I’ve told them the problem here, but honest and direct communication is not something they’re willing to do.
And as much as they love to spout crap about cultural sensitivity, they’ve never been remotely sensitive to my cultural background when it comes to expressions of emotion. They act like these background differences don’t exist, for any of us. When culture, class and disability play such a huge role in how we show emotions. And when we are punished for showing emotions in a way that doesn’t go with Nice Lady Therapist culture.
So the Nice Lady Therapist can be saying “I am about to do something that will result in your death or serious illness.”
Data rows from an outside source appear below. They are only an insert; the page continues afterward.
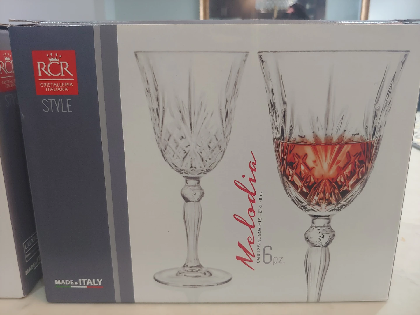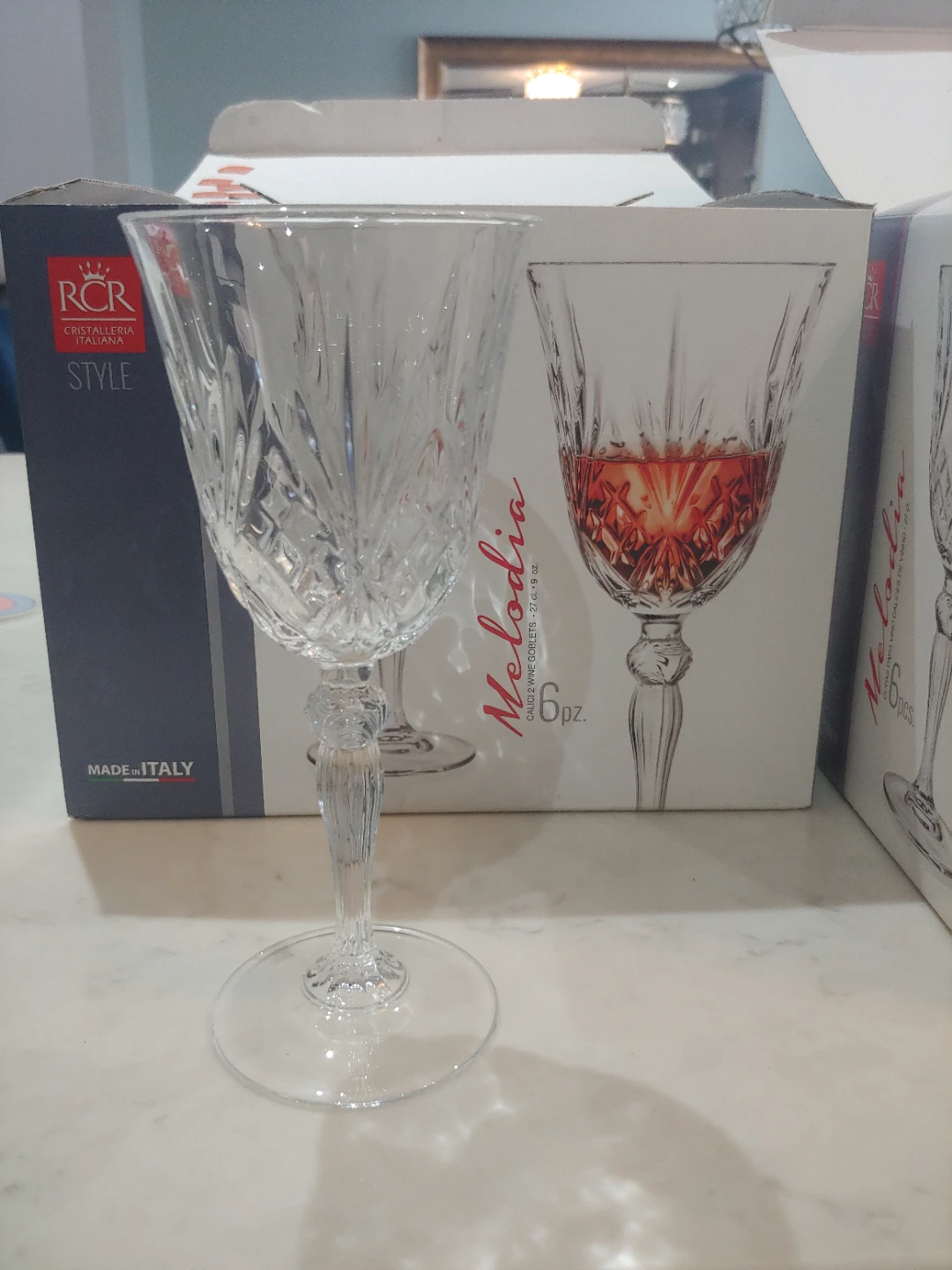 2 new sets of 6 RCR Melodia crystal wine goblets. They're made in Italy and hold 27 cl or 9 oz each. I removed the stickers off the glasses but never used them. See photos for more details.
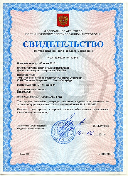 Дефектоскоп DIO 1000 PA соответствует всем международным стандартам и ГОСТам, предъявляемых к данному виду оборудования. Прошел следующие виды испытаний:
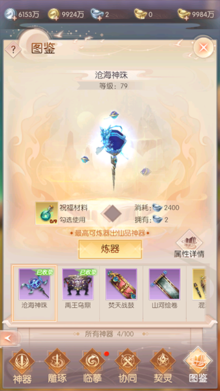 已收录的神器可通过图鉴中的炼器功能打造一个全新的神器,炼器后将获得不同品质的神器,使用祝福材料将提高获得高品质神器的几率
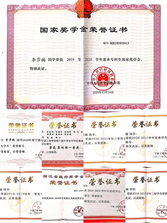 2019-2020学年“国家奖学金”、2021年度宁波市优秀员工干部、2020年度宁波市高校优秀老员工、2020-2021学年“乐歌特等奖学金”、2020-2021学年“校三等奖学金”、2020-2021学年“校优秀员工干部”、2020-2021学年“校三好员工”、2019-2020学年“校特等奖学金”、2019-2020学年“校优秀员工干部”、2019-2020学年“院三好员工”、2018-2019学年“省政府奖学金”、2018-2019学年“校一等奖学金”、2018-2019学年“校三好员工”、2018年军训“优秀学员”称号、第六届校五四演讲比赛集体组一等奖。

But the problem, then, is that we’re pissed and making the Nice Lady Therapists uncomfortable.
I beg to differ.
And mind you I will bend over backwards to be respectful when I can. It doesn’t mean I don’t look and act pissed when I’m pissed, though. And it doesn’t mean I will remain 100% civil when my back’s against the wall. And even if I said things that were horribly unfair, they still technically have to deal with me. But I didn’t.
Anyway, there are human service agency cultural norms around emotions and their appropriate and inappropriate expression. Somehow the way they apply these norms always ends up with agency management at the top, people with developmental disabilities at the bottom, and front line staff often damn near the bottom themselves.
And this can have consequences that are more than just an annoyance.